Problem to solve = Set down, exactly as written, the lines from the top of the data to the line that holds "Ainda falando das", and omit the pictures.

[[ Exercise input, beginning ]]

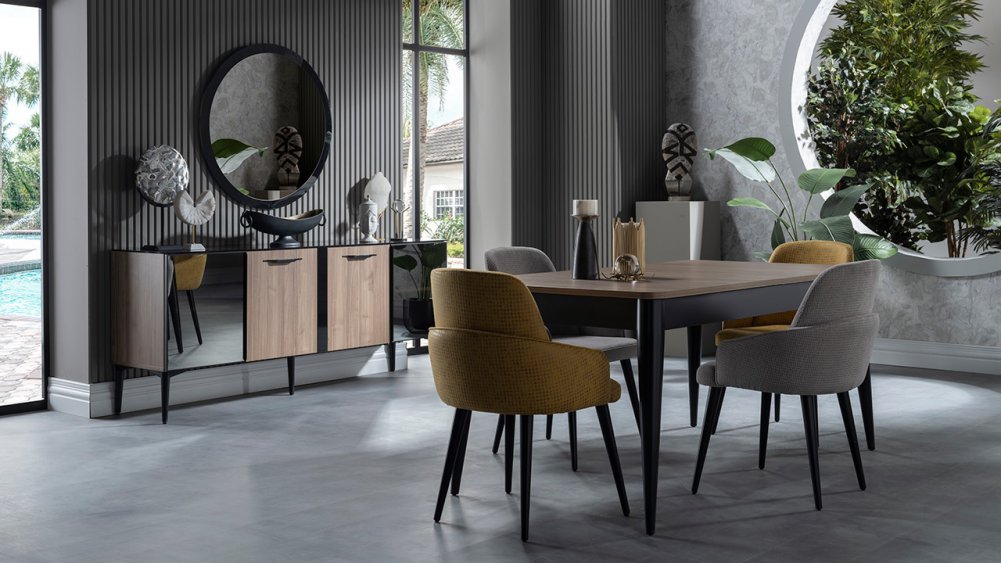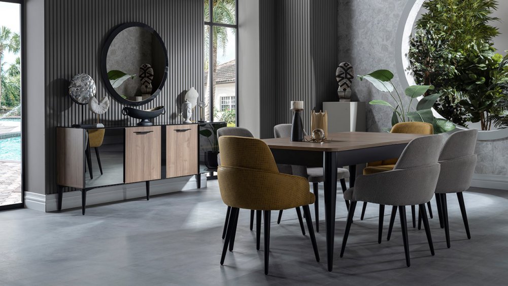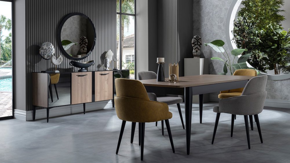 Mary Yemek Odası takımı, görsel zenginliğin yanında işlevselliği ve fonksiyonu da beraberinde sunacak bir takımdır.
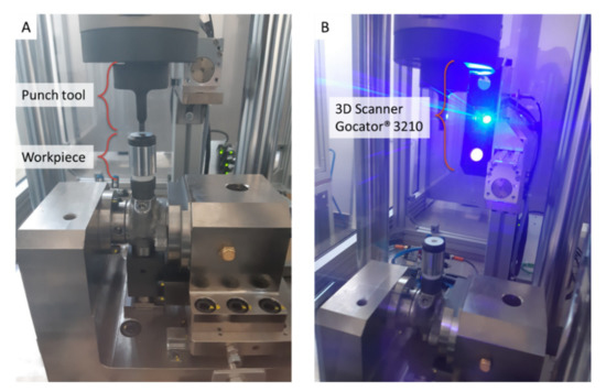 Punching machinery: (A) punch tool and pump workpiece, (B) Gocator® 3210 3D scanning sensor.
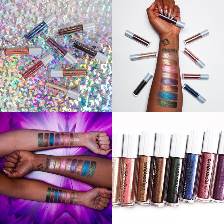 Ainda falando das Moondust, elas ganharam uma versão líquida: Liquid Moondust. São 8 cores com muito brilho! O legal é que dá pra brincar e usar como delineador, né?
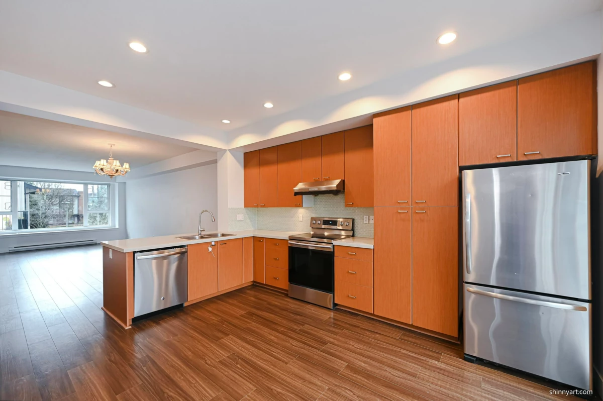 Beautiful home in Glenmore! 3 bed, 2 bath TH situated on the quiet side of the complex, with visitor parking . The functional main floor provides an excellent layout for life, with living room, kitchen and dining area flowing out to private patio. Perfect for entertaining and easy access from the BBQ to the Kitchen that features S/S appliances,. Upstairs, the primary bedroom is large and spacious, with high ceilings, walk in closet and double sinks ensuite. Two more bdrms upstairs allow for your family to grow, or space for home office. Glenmore provides some of the best amenities in Grandview, including a clubhouse, indoor hockey rink, and a large outdoor pool and hot tub. Quick walk to transit, hundreds of shops& restaurants ,future COSTCO & Schools are close by. and easy access to HWY
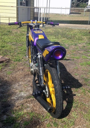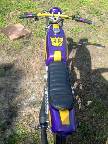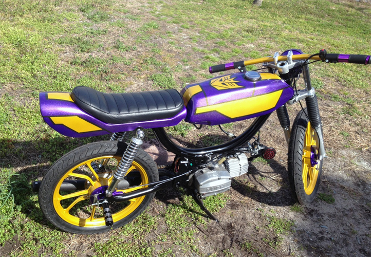 Transformers theme painted magnum 70cc athena AJH kitted and case matched ZA50 with dellorto 20mm phbg carb. 12v stater/cdi conversion. Sprocket gearing 19 to 33 achieved by chopping pedals and Tomos rim swap. Custom made fiberglass and PVC cafe seat with replacement trailer LED. Running 55ish
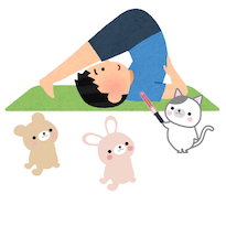 雨が降ったり忙しかったりで、ランニングやウォーキングに出かけられない日も、「エア縄跳び」だけは毎日続けるようにしました。もう半年ほどになります。1日500回。こう聞くと「えーっ」となって、真似してくれない方が多いので、3分くらいでいいですよと、時間でお勧めしています。100回は30〜40秒もあれば終わってしまうので、3分も跳べば十分です。1回1分を1日3回など小分けにしてもOK。全身すみずみまで血流を行き渡らせるのに「縦の動き」がよく、なかでもエア縄跳びが手軽と聞いたので、実践中なのです。具体的な変化としては、ヨガでいうところの「鋤のポーズ(挿絵参照)」が苦手でしたが、楽々できるようになってきました。背骨周りの靭帯など、血液が回りにくいところもみずみずしくなり、柔軟性を取り戻してきたのでしょう。ここからすると、五十肩が治ってきて、痛くはなくなったけれど、肩周りの靭帯がコチコチでバンザイや後ろ手がしにくい方にもお勧めです。わかりやすくエア縄跳びと書きましたが、手は回さなくて下げたままの「その場跳び」で大丈夫。私もそうしています。体重も半年前より2kg減でずっと安定しています。これを話したほうが真似してもらえるかも。跳んでみて、どこか痛いときには無理せずに、跳ばずにリズムをとりながら縦に揺れるだけでもよいですよ。ぜひ。「快風身体均整院」お知らせコーナー◯均整施術ではどんなことをするのか、普段の施術の流れを、「快風院 均整日記」に連載しています。◯ 『内臓ウォーキング』他、拙著のご紹介:これまでに6冊出版させていただきました。感謝いたします。◯快風身体均整院ブログの挿絵には無料イラスト かわいいフリー素材集 |「いらすとや」さん、無料イラスト「イラストわんパグ」さんのイラストを使わせていただいています。いつもありがとうございます。
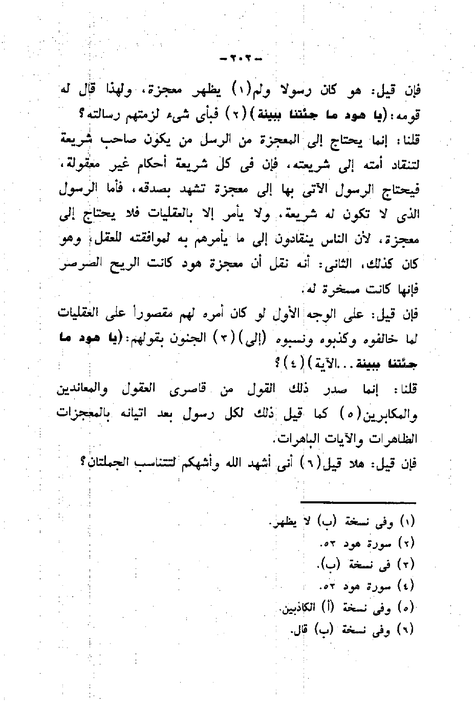 قلنا: إنما يحتاج إلى المعجزة من الرسل من يكون صاحب شريعة لتنقاد أمته إلى شريعته، فان في كل شريعة أحكام غير معقولة، فيحتاج الرسول الآتى بها إلى معجزة تشهد بصدقه، فأما الرسول الذي لا تكون له شريعة، ولا يأمر إلا بالعقليات فلا يحتاج إلى معجزة، لأن الناس ينقادون إلى ما يأمرهم به لموافقته للعقل، وهو كان كذلك، الثانى: أنه نقل أن معجزة هود كانت الريح الصرصر
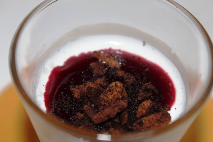 Oasis Antichi Sapori, cremoso di yogurt di bufala al bergamotto con salsa ai frutti di bosco e caffè
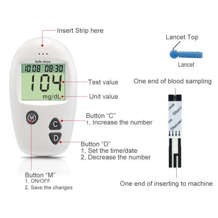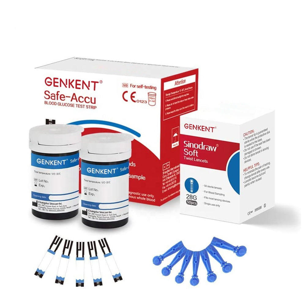 2.One Blood Glucose Meter + 50 pcs test strips + 50 pcs Lancets + one Lancing device
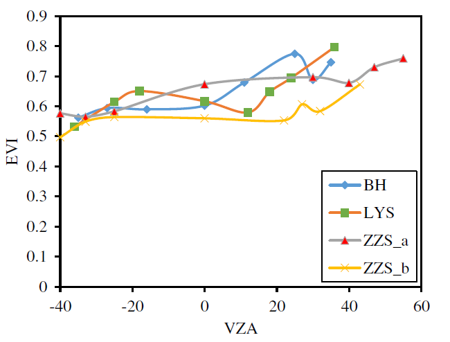 EVI作为NDVI的代理可以消除土壤背景和气溶胶的影响,增强植被信息。但EVI和NDVI在热点附近的变化趋势相反(图7),说明至少在热点方向上,EVI和NDVI可能包含不同的信息。在LYS图中,EVI从暗点到热点呈现先增大后减小再增大的趋势。与ZZS_a图和ZZS_b图一样,BH图前向观测的EVI值小于后向观测值。在图7中,前向观测的EVI值基本没有变化。与NDVI相反,无论阔叶林还是针叶林,热点区EVI值均最大。因此可以得出结论,后向观测VZAs对EVI的影响较大,而前向观测VZAs对EVI的影响较小。
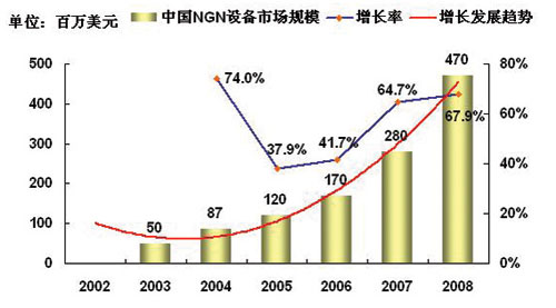 對于中國NGN市場規(guī)模的預(yù)測,主要取決于各個運營商在NGN方面的戰(zhàn)略發(fā)展重點,以及重點的投資方向?傮w上來說,從2003年起,以IPTV、VOIP、寬帶接入等業(yè)務(wù)為代表的NGN的部分業(yè)務(wù)的推廣,使得事實上中國已經(jīng)形成一定的NGN的市場規(guī)模,盡管這一市場規(guī)模仍然很小。2004年中國的NGN基礎(chǔ)設(shè)備的市場規(guī)模超過8千萬美元,以后隨著各個運營商NGN戰(zhàn)略的進一步清晰,這一部分的投資會保持持續(xù)穩(wěn)定的增長,2005~2008年以后的NGN設(shè)備投資規(guī)模的平均增長率可以達到50%。

[[ Exercise input, end ]]

Completed exercise =
 Mary Yemek Odası takımı, görsel zenginliğin yanında işlevselliği ve fonksiyonu da beraberinde sunacak bir takımdır.
 Punching machinery: (A) punch tool and pump workpiece, (B) Gocator® 3210 3D scanning sensor.
 Ainda falando das Moondust, elas ganharam uma versão líquida: Liquid Moondust. São 8 cores com muito brilho! O legal é que dá pra brincar e usar como delineador, né?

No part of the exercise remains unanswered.